While You ‘Eat Out To Help Out’, This Is The Reality For Waiting Staff

Diners sit at table near a sign promoting the British Government's

It seems like life really is back to normal here in South London. The pubs are full and the traffic is back to pre-lockdown levels – the two miles on the bus to work is back to its usual 40 minutes.

The local Italian restaurant I’m working at this summer has made many changes over the course of this pandemic. Our new deli counter, selling produce direct from supplier to customer, allowed the business to stay open while the kitchen was closed. There is also a lot less Italian being spoken – my colleague and I, both hired after lockdown, are the first non-Italians to work in the restaurant. Brexit had already made hiring immigrants complicated, but the pandemic caused many more to return to their families in Italy. 

The restaurant has had no lack of customers since reopening last month. Many regulars have begun showing their faces, and our tables are fully booked over a week in advance. In this respect, we have been supported by our community – and it is this swift offloading of cash into our till that the government has hailed a success.

More worrying to me, however, is the number of things that have stayed the same.

While diners may be desperate to throw their money at bruschetta and parma ham, they are apparently reluctant to invest in face masks or any other protective wear. In the last month, I can think of only one person who has worn a mask when walking through the restaurant to the bathroom. 

It feels like customers are far more concerned with rebuilding their social lives than with observing safe social distancing.

It feels like customers are far more concerned with rebuilding their social lives than with observing safe social distancing, but we staff members can do little to encourage different behaviour; we need their custom, and we need to get paid. Furthermore, our restaurant is in a narrow, old building where 1.5metre spacing is just not possible. It is telling, though, that nobody has complained.

On Saturdays and Sundays, the road outside is closed to traffic, which allows us to set up tables outside. The first weekend we tried this, the street attracted festival-like crowds. By early evening, drinkers who could not get into the bars were sprawled out on the pavements, all worries of coronavirus swirling, with their vomit, into the drains. 

Rowdy crowds have been partially controlled by increasing amounts of new fencing. Chain restaurants near us have created elaborate one-way systems and stitched their borders into the street with branded barriers. In the weekly council reports, we have received low marks for not following their ‘excellent’ example; instead, our outdoor set-up has been judged ‘disorganised’. My manager, reading the report, sighed that we do not have the money to buy ropes and posts, let alone fencing. We will just have to live with the inspectors’ disapproval.

August saw the introduction of another scheme designed to help restaurants: Eat Out To Help Out. But, like many small restaurants, we are closed on Mondays, and so we cannot make the most of this scheme.For us, the benefit of the scheme was not worth the cost of staffing an extra day.

It was also hoped that the scheme, in operation from Monday to Wednesday, would incentivise customers to eat out on days they normally wouldn’t, thus aiding with social distancing. This has not happened. In the first week of the scheme, Thursday to Sunday were still busiest by far, while Tuesday and Wednesday remained relatively quiet.

Restaurants can alter table arrangements and wipe down menus every ten minutes, but ultimately, it is individuals’ behaviour that needs to change.

Because chain and independent businesses alike can benefit from the scheme, the relative inequality in our industry remains the same. Local restaurants like mine have been affected disproportionately by the pandemic – it is more difficult for small businesses to switch supply chains when the established ones are disrupted, and the processes involved in applying for funds and grants have proved prohibitively bureaucratic. 

But the Eat Out To Help Out scheme will do nothing to offer us the disproportionate help we need to stay on our feet. In the event of a second lockdown, my manager tells me we wouldn’t survive into 2021 – a reality that hardly seems believable when I look out over a restaurant full, every weekend, to capacity.

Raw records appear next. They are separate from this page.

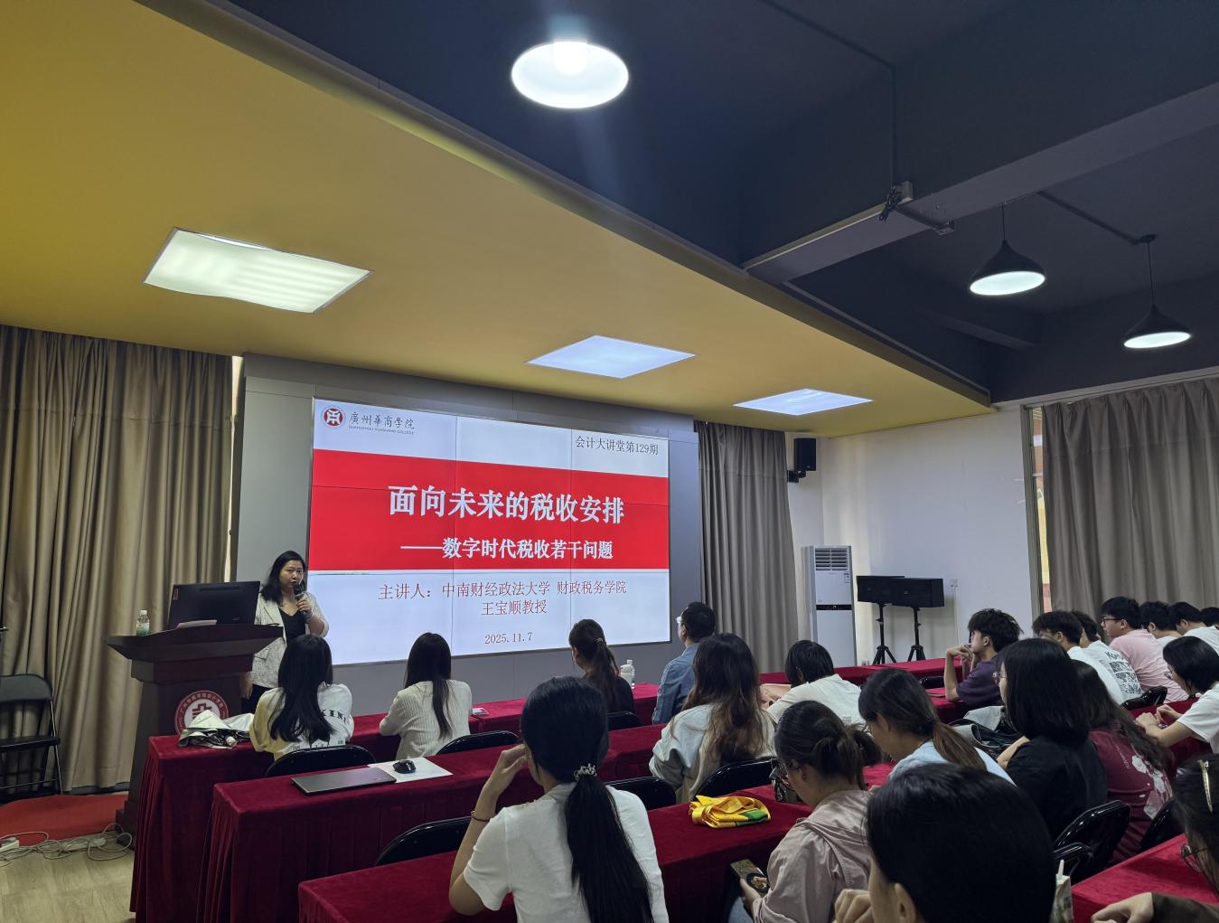 2025年11月7日,中南财经政法大学财政税务学院王宝顺教授应邀做客华商会计大讲堂,以《面向未来的税收安排——数字时代税收若干问题》为题,为3044am永利集团3044noc师生带来一场深度解析数字经济与税收变革的学术盛宴。本次讲座由会议由3044am永利集团3044noc院长助理陈平副教授主持。
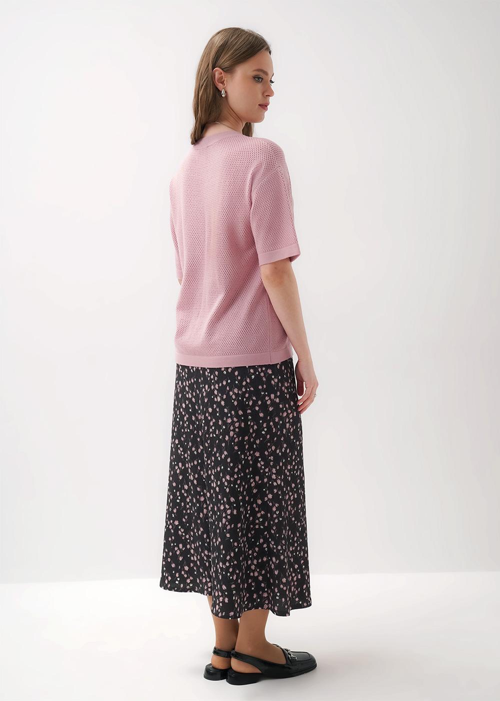 Описание: Вязаный джемпер прямого силуэта из вискозной пряжи с добавлением нейлона, ажурного переплетения. Короткий втачной рукав. Округлая горловина с бейкой. По низу изделия и рукава сдвоенная гладь.
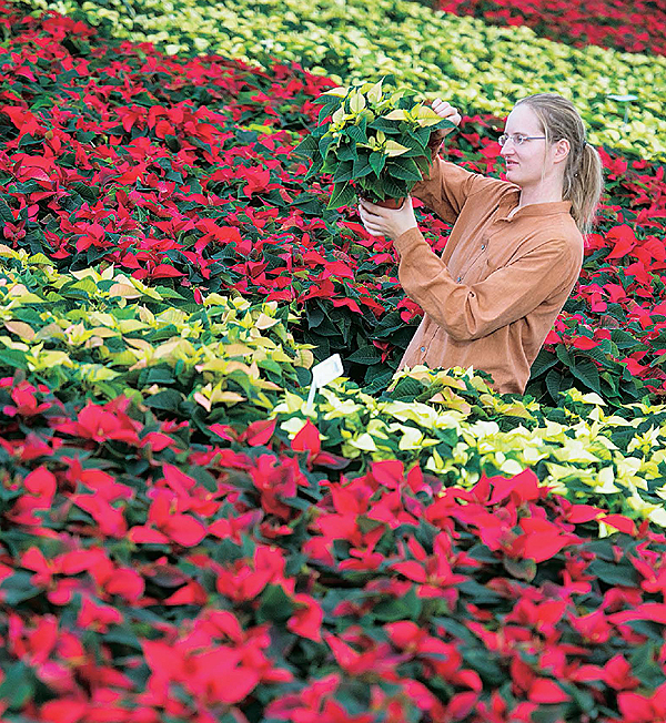 크리스마스 장식용으로 독일에서 매년 4,000만 그루가 팔려나가는 포인세티아가 4일 마지막 단장을 마치고 있다.

Small restaurants would rather Rishi Sunak had offered a rent abatement for restaurants, instead of a discount for customers. But that, perhaps, would not have made him so popular with the public. 

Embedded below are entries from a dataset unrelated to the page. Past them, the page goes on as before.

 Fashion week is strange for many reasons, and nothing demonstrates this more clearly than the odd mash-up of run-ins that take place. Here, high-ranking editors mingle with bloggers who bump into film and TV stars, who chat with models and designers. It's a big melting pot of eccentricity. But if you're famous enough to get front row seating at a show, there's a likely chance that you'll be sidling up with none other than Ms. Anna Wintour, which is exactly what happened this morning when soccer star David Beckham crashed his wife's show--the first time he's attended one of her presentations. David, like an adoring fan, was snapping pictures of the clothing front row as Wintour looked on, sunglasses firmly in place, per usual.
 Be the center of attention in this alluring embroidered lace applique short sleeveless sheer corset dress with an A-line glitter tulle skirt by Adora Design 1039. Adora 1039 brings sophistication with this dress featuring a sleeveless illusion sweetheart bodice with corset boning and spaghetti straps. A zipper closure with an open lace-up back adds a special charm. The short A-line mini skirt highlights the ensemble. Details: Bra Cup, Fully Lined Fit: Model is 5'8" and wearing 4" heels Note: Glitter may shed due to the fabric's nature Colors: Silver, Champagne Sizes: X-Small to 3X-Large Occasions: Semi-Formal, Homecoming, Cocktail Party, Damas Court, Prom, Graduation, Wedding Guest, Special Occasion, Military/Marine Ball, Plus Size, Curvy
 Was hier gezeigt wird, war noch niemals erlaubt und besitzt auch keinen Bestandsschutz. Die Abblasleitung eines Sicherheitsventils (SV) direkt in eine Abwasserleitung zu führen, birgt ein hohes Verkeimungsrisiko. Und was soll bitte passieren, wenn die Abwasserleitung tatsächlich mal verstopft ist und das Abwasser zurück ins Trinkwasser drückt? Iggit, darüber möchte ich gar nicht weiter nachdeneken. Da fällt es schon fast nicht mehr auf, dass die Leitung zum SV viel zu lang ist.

Restaurant work is deemed ‘non-essential’, and we staff, sweltering under facemasks while customers breathe freely, aren’t receiving any kind of hero treatment. And yet, the hordes of customers jostling for a table, the phone ringing constantly for bookings, and the willingness to discard social distancing for a plate of homemade ravioli says otherwise. 

The truth is that restaurants can alter table arrangements and wipe down menus every ten minutes, but ultimately, it is individuals’ behaviour that needs to change. 

So, life is back to normal – for customers at least. The uncomfortable future of plastic pods and having your food delivered on a robotic trolley has not yet arrived, and all that you have to do to prove yourself a patriot during this difficult time is eat, eat and drink.